1st Ethiopian Dam filling caused Sudanese water plants to go out of service: official


Mon, 12 Jul 2021 - 03:01 GMT

FILE - Grand Ethiopian Renaissance Dam (GERD) – Satellite Picture

FILE - Grand Ethiopian Renaissance Dam (GERD) – Satellite Picture

CAIRO – 12 July 2021: Spokesperson of the Sudanese Negotiation Team Over the Grand Ethiopian Renaissance Dam (GERD) Ambassador Omar El Farouq highlighted in a TV interview that the first filling of the dam in 2020 caused Khartoum to remain without water supply for several days as plants got out of service, and that Ethiopia is putting his country at the same risk this year again through the second filling.

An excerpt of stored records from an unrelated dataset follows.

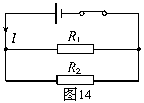 (6分)在图14所示的电路中,电阻R1的阻值是5Ω,干路中的电流I是0.5A,电阻R2两端的电压是2V。求:
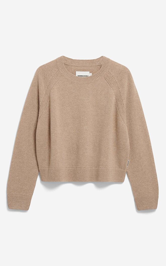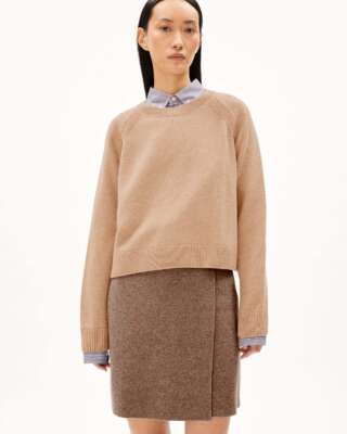 De diliriaa reglana gebreide pullover straalt met een losse korte pasvorm en middelgroot breisel. Ze is gemaakt uit een mix van biologisch en gerecycleerd wol en biedt een aangename warmte terwijl ze ook ademend blijft. Dese tijdloze trui is ideaal voor een ontspannend draagcomfort.
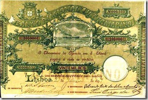 Exemplos de notas emitidas pelo BNU para todas as Colónias portuguesas
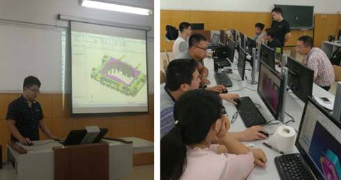 2017 年 7 月 18 日-28 日期间,学院14名骨干教师赴天津汽车模具股份有限公司进行了为期两周的汽车覆盖件模具三维设计培训。培训方派出两位在汽车覆盖件三维设计方面有丰富设计经验的工程师对教师们进行培训。工程师对汽车覆盖件模具设计的整体流程进行了详细的讲解。对汽车模具设计过程中的一些设计技巧和方法进行了示范。为了提升老师们对汽车覆盖件模具的实际了解,理解汽车模具设计过程中的一些结构,参训教师还深入天津汽车模具股份有限公司多个工厂,进行实地学习。
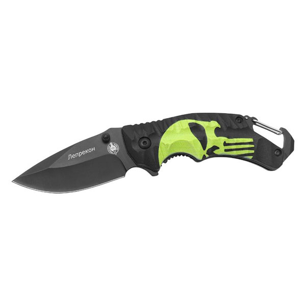 Лепрекон идеально подойдет на роль городского или вспомогательного ножа. Например для железнодорожных путешествий, там, где нужен очень компактный инструмент. Клинок достаточно широкий, с высокими спусками, сделан из качественной нержавеющей стали. Пластиковая рукоять надежна, украшена рисунком стилизованного черепа. Карабин существенно расширяет возможности ношения Лепрекона. Нож легко открывается одной рукой с помощью двустороннего шпенька.
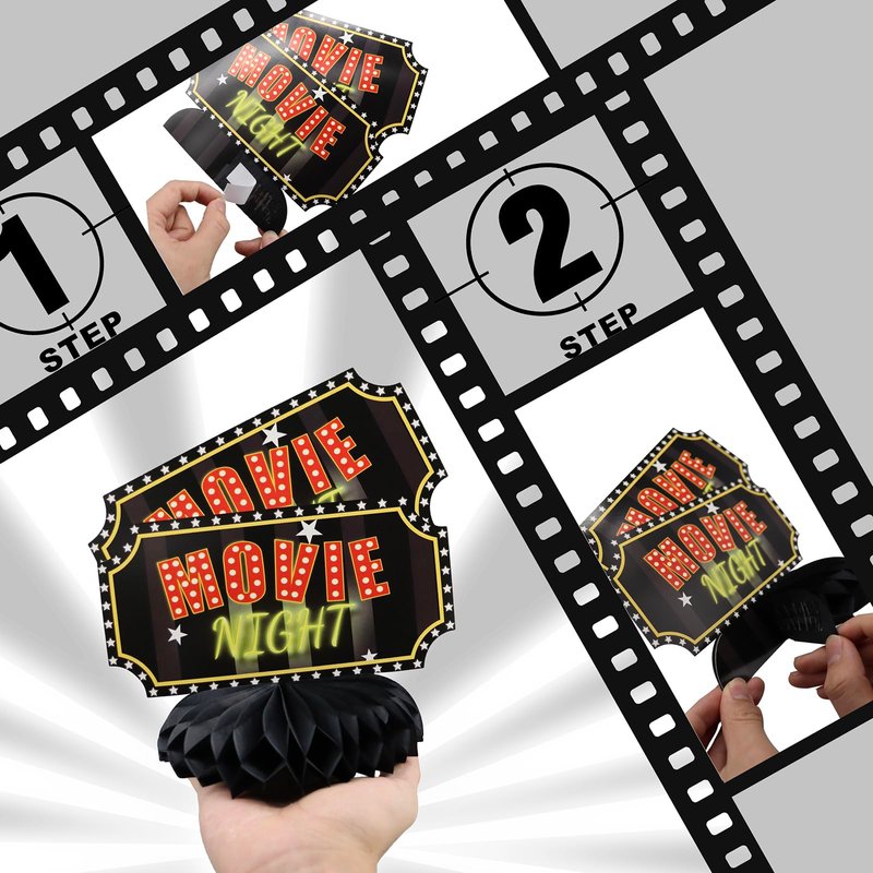 - QUICK AND EASY SETUP: Setting up our Movie Night Centerpieces is a breeze, taking just minutes, then place it in your preferred display area. Decorating your party has never been this effortless, saving you valuable time.

The problem does not lie in the filling itself but in the lack of a legal binding agreement, which would ensure Sudan is getting from Ethiopia detailed information and daily data on the size and levels of water flowing. The official underscored the salience of such information on the safety of Sudanese dams saying that the information provided by Ethiopia are very brief and not sufficient.


Farouq explained that the capacity of GERD is 74 billion cubic meters while that of Sudan's Roseires is just seven billion cubic meters. Yet, the latter produces 80 percent of electricity in Sudan, and is essential for 20 million Sudanese living on agriculture. Hence, the change of water levels will have a very negative impact on the dam, if not coordinated.


The official pointed out that during the negotiations an agreement was reached on 90 percent of the technical aspects but the problem is that Ethiopia is not willing to sign a legal binding agreement.